● EXERCISE REQUIREMENTS: Beginning at the line that holds "Jurnal Penelitian dan Pengabdian Masyarakat JotikaJurnal", repeat every line through the last line of the material, exactly, and drop any pictures.

● GIVEN RECORDS:
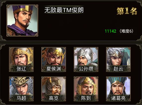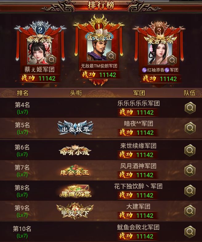 本次合肥之战中排名第一的是 无敌最俊朗 军团,以 11142 的惊人成绩拿下第一。
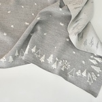 森の風景を切り取った絵柄が可愛らしいおくるみ、よく見ると表面がぽこぽこしています。
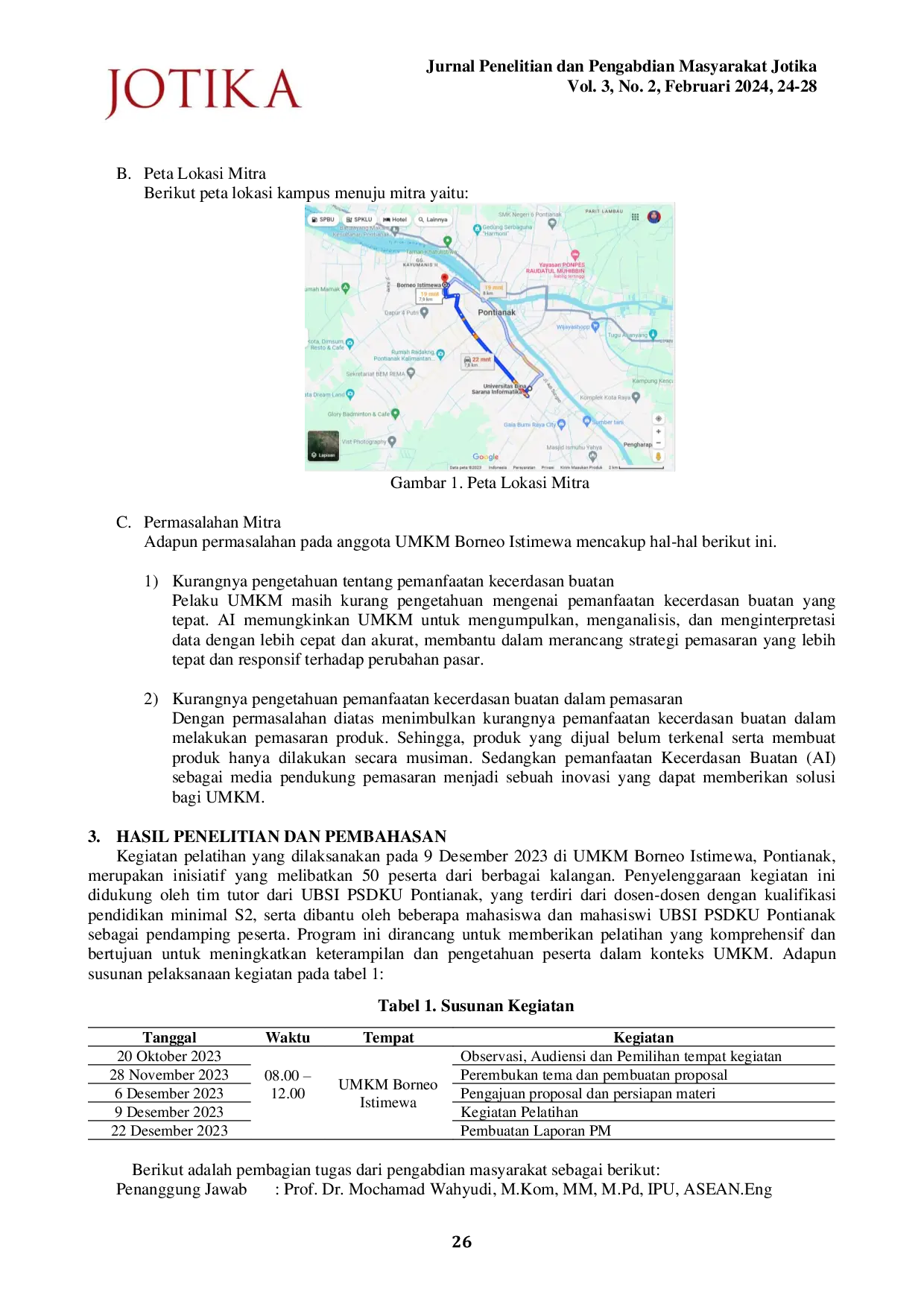 Jurnal Penelitian dan Pengabdian Masyarakat JotikaJurnal Penelitian dan Pengabdian Masyarakat JotikaKemajuan teknologi informasi telah menjadi kekuatan besar dalam mengubah cara perusahaan melakukan bisnis. Ketika informasi menjadi lebih mudah diakses dan menyebar, teknologi informasi memainkan peran sentral dalam membentuk strategi, operasi, dan interaksi perusahaan dengan pelanggan dan mitra bisnis. Kecerdasan Buatan yang dalam bahasa Inggris disebut Artificial Intelligence (AI) adalah salah satu konsep teknologi informasi dari cabang ilmu komputer dalam meniru kecerdasan manusia. Tujuan dari AI adalah memproses sebuah informasi, belajar dari pengalaman, adaptasi dari perubahan, dan melakukan tugas-tugas tertentu secara mandiri. Setelah dianalisa, masih banyak anggota UMKM Borneo Istimewa yang masih kurang pemahaman akan pemnfaatan kecerdasan buatan dalam hal pemasaran produk. Sehingga membuat produk yang dijual kurang terkenal, jika menggunakan kecerdasan buatan akan lebih mudah dalam melakukan pemasaran produk. Dengan adanya pelatihan mengenai pemanfaatan kecerdasan buatan ini, diharapkan akan menambah pengetahuan pelaku UMKM serta memberi dampak positif untuk penjualan produk mereka.
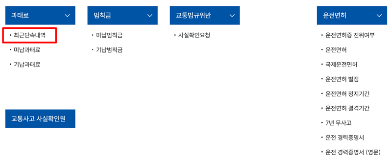 2. 세부 메뉴들이 펼쳐지면 과태료나 범칙금 관련 항목이 보일 거예요. 여기서 가장 최근에 무인 단속 장비에 걸린 내역이 있는지 알아보기 위해 최근단속내역이라는 글자를 찾아 선택해서 넘어가 주세요.
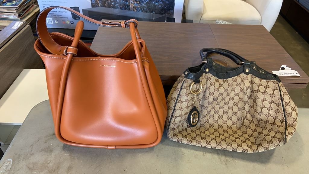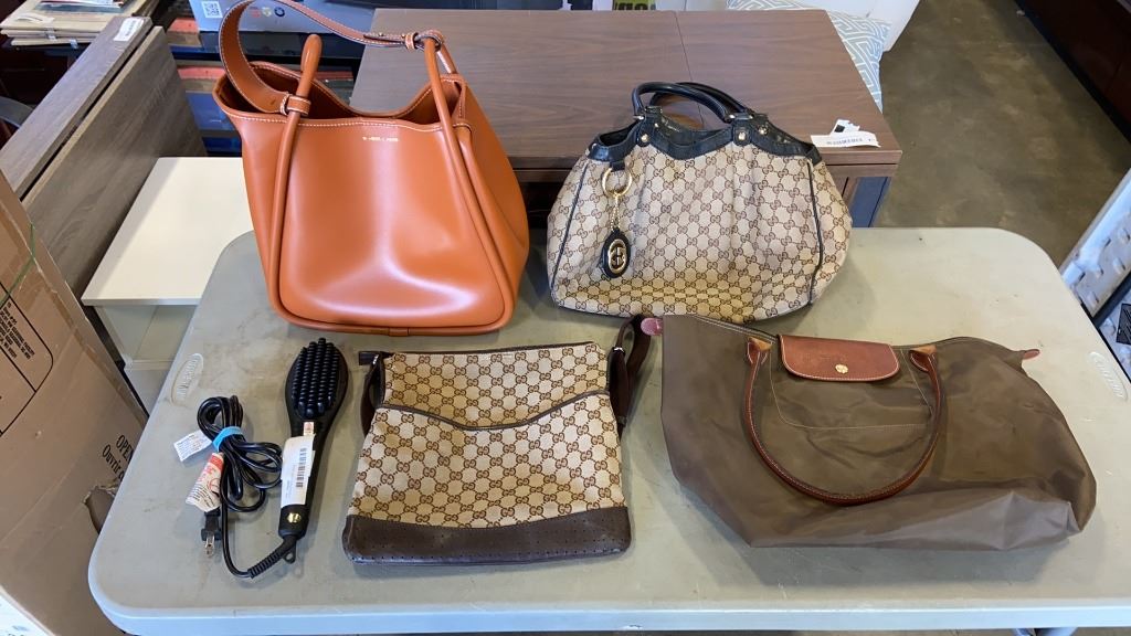 4 DESIGNER LADIES BAGS AND HEAT BRUSH

● EXERCISE ANSWER:
 Jurnal Penelitian dan Pengabdian Masyarakat JotikaJurnal Penelitian dan Pengabdian Masyarakat JotikaKemajuan teknologi informasi telah menjadi kekuatan besar dalam mengubah cara perusahaan melakukan bisnis. Ketika informasi menjadi lebih mudah diakses dan menyebar, teknologi informasi memainkan peran sentral dalam membentuk strategi, operasi, dan interaksi perusahaan dengan pelanggan dan mitra bisnis. Kecerdasan Buatan yang dalam bahasa Inggris disebut Artificial Intelligence (AI) adalah salah satu konsep teknologi informasi dari cabang ilmu komputer dalam meniru kecerdasan manusia. Tujuan dari AI adalah memproses sebuah informasi, belajar dari pengalaman, adaptasi dari perubahan, dan melakukan tugas-tugas tertentu secara mandiri. Setelah dianalisa, masih banyak anggota UMKM Borneo Istimewa yang masih kurang pemahaman akan pemnfaatan kecerdasan buatan dalam hal pemasaran produk. Sehingga membuat produk yang dijual kurang terkenal, jika menggunakan kecerdasan buatan akan lebih mudah dalam melakukan pemasaran produk. Dengan adanya pelatihan mengenai pemanfaatan kecerdasan buatan ini, diharapkan akan menambah pengetahuan pelaku UMKM serta memberi dampak positif untuk penjualan produk mereka.
 2. 세부 메뉴들이 펼쳐지면 과태료나 범칙금 관련 항목이 보일 거예요. 여기서 가장 최근에 무인 단속 장비에 걸린 내역이 있는지 알아보기 위해 최근단속내역이라는 글자를 찾아 선택해서 넘어가 주세요.
 4 DESIGNER LADIES BAGS AND HEAT BRUSH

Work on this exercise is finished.